» Supplied material:
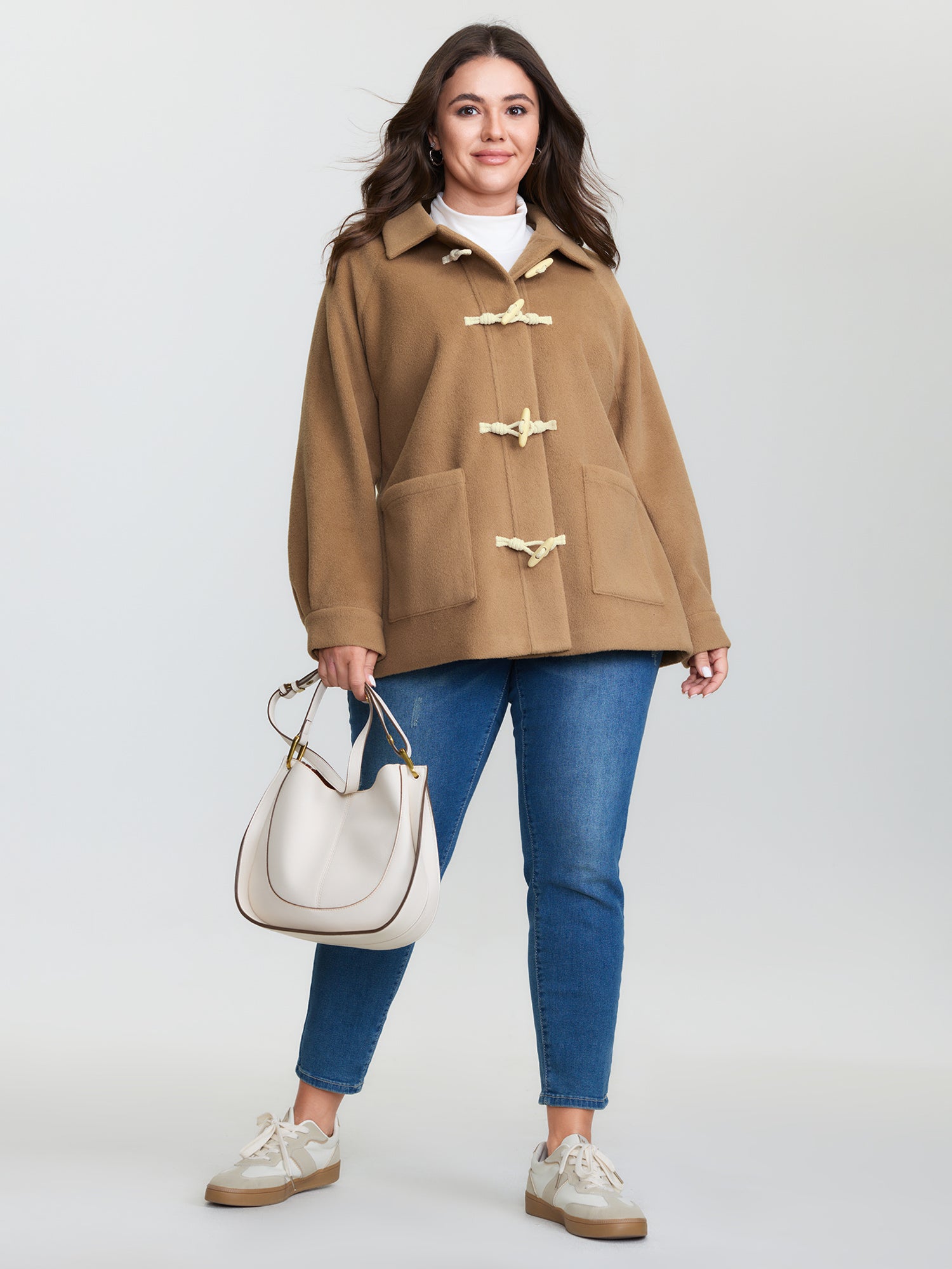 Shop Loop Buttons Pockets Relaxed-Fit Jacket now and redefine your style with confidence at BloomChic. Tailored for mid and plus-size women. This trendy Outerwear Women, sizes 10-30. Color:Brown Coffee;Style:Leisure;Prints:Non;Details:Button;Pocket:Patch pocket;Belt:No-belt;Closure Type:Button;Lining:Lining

* * *

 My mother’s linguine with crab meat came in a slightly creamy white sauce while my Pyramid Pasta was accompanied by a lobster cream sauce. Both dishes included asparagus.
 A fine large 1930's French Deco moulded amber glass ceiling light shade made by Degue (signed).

» Work request:
Please give an exact copy of the entries above, from the line with "My mother’s linguine" down to the line with "A fine large", inclusive, and nothing else.

» Task solution:
 My mother’s linguine with crab meat came in a slightly creamy white sauce while my Pyramid Pasta was accompanied by a lobster cream sauce. Both dishes included asparagus.
 A fine large 1930's French Deco moulded amber glass ceiling light shade made by Degue (signed).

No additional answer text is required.